The characterization of HIV as an exceptional crisis, where individual lives and the government interventions needed to save them took precedence, led to vital financing that went against the austerity agenda of the 1980s and 1990s, says Robinson:
However, at the same time, this phase of ‘scaling up’ treatment also witnessed the massive involvement of philanthropic organizations such as the Gates Foundation that reintroduced neoliberal ideas and practices by the backdoor. These organizations did this by establishing public-private partnerships, and promoting managerialist approaches that focused on entrepreneurialism, market mechanisms and the commodification in global health governance.

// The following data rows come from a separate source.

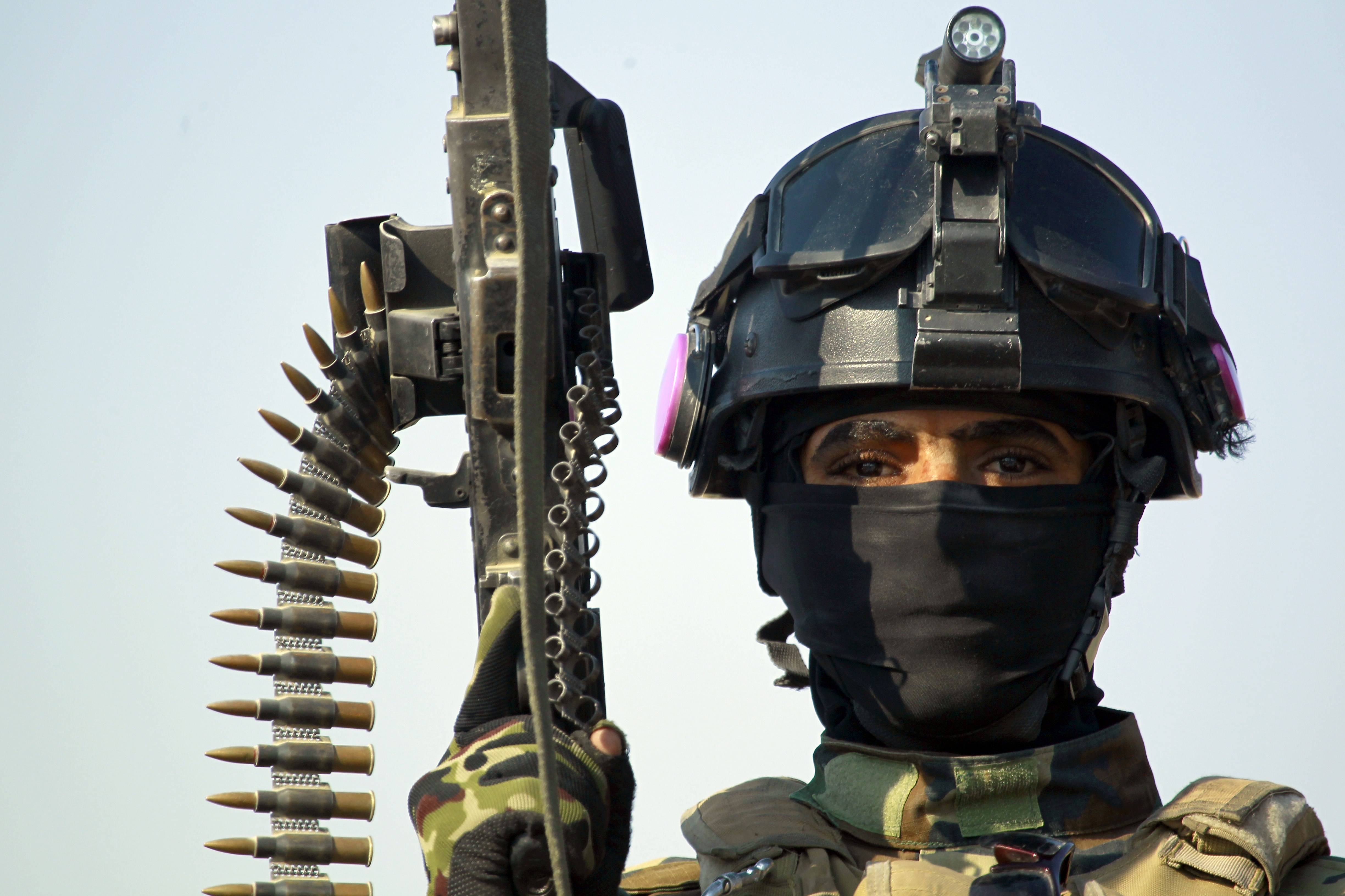 A member of the Iraqi police special forces holds his weapon as he rides a car during a parade in Iraq’s holy city of Najaf before heading to fight Islamic State (IS) group jihadists on November 19, 2014. The previous week Iraqi forces broke a months-long siege on the nearby Baiji oil refinery, the country’s largest, and joined up with elite troops who had been holding off IS onslaughts for months. By Haidar Hamdani/AFP/Getty Images.
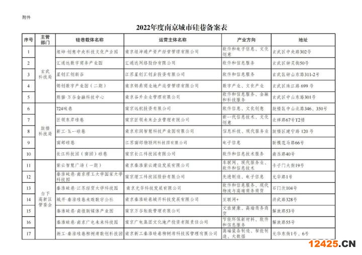 市科技局關(guān)于公布2022年度南京城市硅巷名單的通知
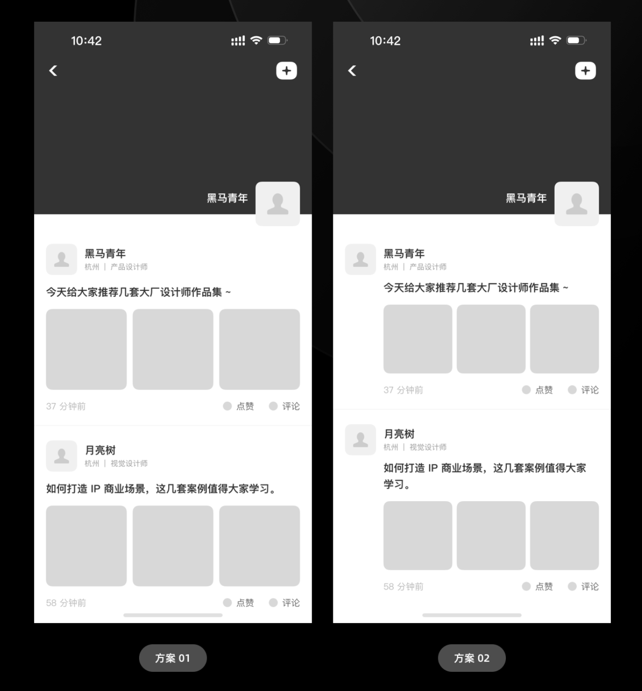 • Ҏ 02Q左侧展C发布者头像与늧Q右侧展C动态内容,强化用户之间的关联感

Today HIV is no longer characterized as an exceptional crisis, as an exceptional disease, but as a chronic, manageable one. The pressure is letting up and significant sources of treatment funding are receding. To be sure, the fight against HIV was never fully resourced. Stigma, racism, homophobia, and a lack of regard for the poor—the feeling that AIDS happens to them, not us—prevented the coordination of a full-out struggle among the world’s governments. But in a renewed context of recession and austerity, wealthy donor countries are now claiming they have to reduce funding, even for programs on which lives depend. The Global Fund to Fight AIDS, Tuberculosis, and Malaria has been threatened by the funding cutbacks imposed by donor countries. Likewise, under Obama, the budget for PEPFAR (President’s Emergency Plan for AIDS Relief) has been reduced.
And then there’s the Trans-Pacific Partnership, an agreement being pushed through by the United States for the Pacific region. Just days ago Canada formally became party to the agreement, joining Australia, Brunei, Chile, Malaysia, Mexico, New Zealand, Peru, Singapore, and Vietnam. The so-called trade agreement covers a range of issues not centred on trade that we should be very concerned about—and yet it’s being drafted in secret by governments and corporations, details withheld from the very public that will be hugely impacted by it. Media coverage has been poor, and the agreement little discussed and debated. We know only bits and pieces, and those leaked bits and pieces are enough to warrant an ACT UP-style uproar. The Trans-Pacific Partnership is set to include the most severe pharmaceutical patent protections we’ve seen yet, which will put HIV drugs beyond the reach of many, many people. Which will mean more sickness. Which will mean more death. Which will mean all that talk about an AIDS-free generation was just that. Talk.
The next round of behind-closed-doors negotiations takes place in Auckland, New Zealand, from December 3 to 12, 2012. Anybody feel like going?